The War on Math (& the Future) – Chapter 9 of Mr. Friedman’s Book

The book That Used To Be Us has two authors, Thomas Friedman and Michael Mandlebaum. We used Mr. Friedman’s name in our title for brevity and also because he seems to the TV face of the book. In the rest of this article, we will use the plural.

When we leafed through the book, the title The War on Math caught our eye. Mathematics is one of our passions and we assumed the chapter was about education. But this chapter is really about America’s Fiscal Deficit and the opinions of the authors about its causes, symptoms and solutions. 

In the interests of Intellectual honesty, we admit here to our own bias and personal beliefs. We are and
have been avid admirers of President Bill Clinton.

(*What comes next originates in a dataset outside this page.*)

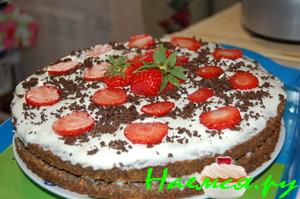 Форму смазать маслом, присыпать манкой. Выложить в форму половину теста. Поверх теста равномерно разложить шоколад, присыпать его корицей.
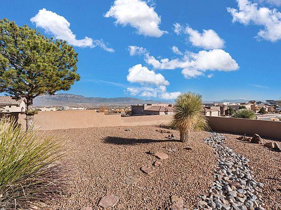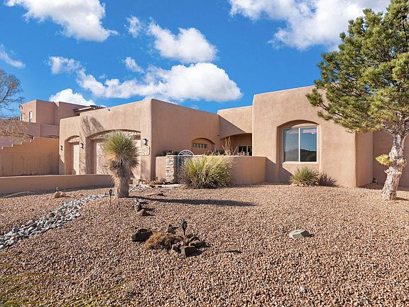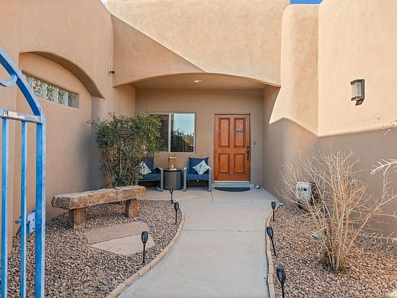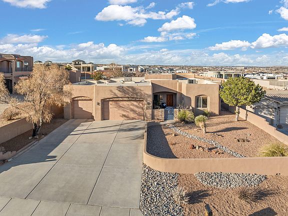 This exquisite Southwest-style home blends contemporary elegance with regional charm, offering 2,650sf with three bedrooms plus a home office (or fourth bedroom), 2.5 bathrooms and a 3 car garage in a thoughtfully designed layout. The heart of the home is a sun-drenched great room, with hand carved wood beams and a wall of windows that frame stunning mountain views. Chefs kitchen with upgraded cabinetry, granite countertops, stainless steel appliances, prep island, breakfast bar walk-in pantry and dining room. Spacious owners suite with a private bath. Bath with travertine floors, a jetted tub, 2 sided fireplace, walk-in shower and closet! Great yard with a, shed, covered portal perfect for entertaining and covered patio to enjoy those Sandia Sunsets!

He was the best
combination of Instinctive Intelligence and Analytical Intelligence we
have seen in any public figure of recent times. His record in managing
America’s economy is undeniably stellar. But our admiration does not prevent us from analyzing his economic record honestly.

Paint by Numbers – Section 2

Friedman & Mandelbaum begin by quoting Kenneth Rogoff, professor and author of the exceptional book This Time Is Different:

  • Total American general government debt today is at a phenomenal level…By our benchmark, when you take local, state and federal government debt together we are at our all-time high..We are at the outer edge of the envelope of the last two hundred years of experience. ….and find that debt levels over 120 percent of GDP are quite exceptional.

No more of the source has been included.